Looking to hire a PERL guru

Paul Seamons paul at seamons.com
Wed Jan 17 17:39:01 MST 2007

On Wednesday 17 January 2007 4:13 pm, Jesse Stay wrote:
> On 1/17/07, Paul Seamons <paul at seamons.com> wrote:
> > Generally, those that get uptight about it probably are not the ones you
> > want to be working with.  Attention to detail is good.  Attention to
> > minutia is generally bad.  Be broad in what you accept and strict in what
> > you emit.  Add any other applicable cliche here.
> Um, I disagree here.  Some of the smartest Perl programmers I know
> (Including Randall Schwartz) are known to be picky about it.

Bingo.  I know that Randall is brilliant.  Randall is great at making things 
work.  He is fine at helping to build community.  I also know that I wouldn't 
want him working for me (and my make-believe company).  If you watch 
Randall's posts on perlmonks, he has softened and matured over the years.  He 
doesn't appear to be as picky about the issue as he once was.  Isn't it great 
that we can learn over time.

Being a smart Perl programmer doesn't mean somebody will be a good employee.

> The question becomes, do they know why they are picky about it?

The majority of people being picky about it have little reason to be picky 
about it.  Randall has been around plenty long to have every right to be 
picky.  Anybody being solicited for a Perl job on this list has not been 
writing perl long enough to be picky.  I'd say the number of people who can 
be picky about it is under 50 world wide - and that would be limited to the 
core contributors to Perl 5 and earlier.  Everybody else is too much a 
beneficiary to be able to set policy for Perl culture, or even try to enforce 

> It's often those that have been programming it for years, have written
> about it, have helped evolve the community, etc. that are the most
> picky.

Three or four old timers on perlmonks doesn't qualify as "most".  Also 
important to note: though there is some overlap, the community of 
perlmonks.org is not the Perl community.

> If you want those types, I suggest you be picky about PERL vs. 
> Perl or perl.

When I am speaking about Perl or perl "I" am specific.  When I'm listening to 
somebody else, I really don't care how they place the case.  I'd much rather 
listen to what they are saying than how they are "saying" it in text based 
message.  Somebody who is picky about things that don't matter is most likely 
not going to be concerned about the things that I am concerned about.

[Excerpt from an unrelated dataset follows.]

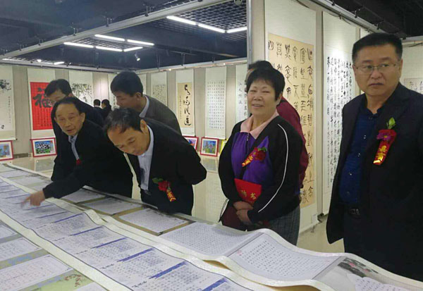 本网讯 10月20日,潍坊市第六届硬笔书法展暨书画名家作品展在我校美术馆开幕。副校长丁子信出席开幕式并致辞。潍坊市文联副主席任学军,日照银行潍坊分行党委书记、行长王志刚,中国硬笔书协理事、山东工委名誉主席、潍坊市硬笔书法家协会荣誉主席、大展组委会主任高华忠,中国硬笔书协会员、山东工委副主席、潍坊市硬笔书法家协会主席齐玉华,潍坊硬笔书法家协会副主席兼秘书长、潍坊枫丹白露美术学校校长赵青,学校院教务处、美术学院负责同志参加开幕式。

> Most of the Perl programmers I've met that are picky 
> about it are only trying to defend the community they have long
> programmed in.

Most of the ones I've met are really just being picky.

Many, if not most are trying to earn points on perlmonks.  Or in an odd 
psychological exchange are trying to earn karma back for karma that they lost 
the first time that they posted PERL to perlmonks.

> If you want to name it how it was originally spelled, you should call
> it "Pearl", which Larry Wall named after "Parable of the Pearl".  He
> realized before it was launched however that there was already a PEARL
> language so he named it "Perl".  It has since been adapted as "Perl" 
> when referring to the language, and "perl" when referring to the
> interpreter.

Thank you for helping me with the history of Perl.

I don't recall Larry getting up in arms about the case of Perl.  He may have 
given corrections in rare occasions and I'm sure he has even authored 
instructions about how you "should" use the word Perl in different 
situations.   Based on watching his responses on mailing lists and at 
perlmonks, I don't think he really cares about this argument.  Any new 
mailing list poster who is new to perl mailing lists or community who 
unwittingly spells perl wrong in a question to Larry amazing has Larry answer 
his question - not dwell on how he spelled perl wrong.  The best way to 
isolate a newcomer is to throw culture police idioms at them.

> While PERL has many possible acronyms, most seasoned 
> veterans won't even consider your posting if you list it as "PERL".

I hope you aren't speaking for the seasoned veterans.  Seasoned veterans who 
don't know how to help somebody who doesn't know better aren't the ones that 
are good at building a community.

> It's a community thing.

It is a thing which I abide (as in I am strict what I emit) but I do not 
enforce (as in I am broad in what I accept) because I am contributing to the 

Thank you for helping me clarify things.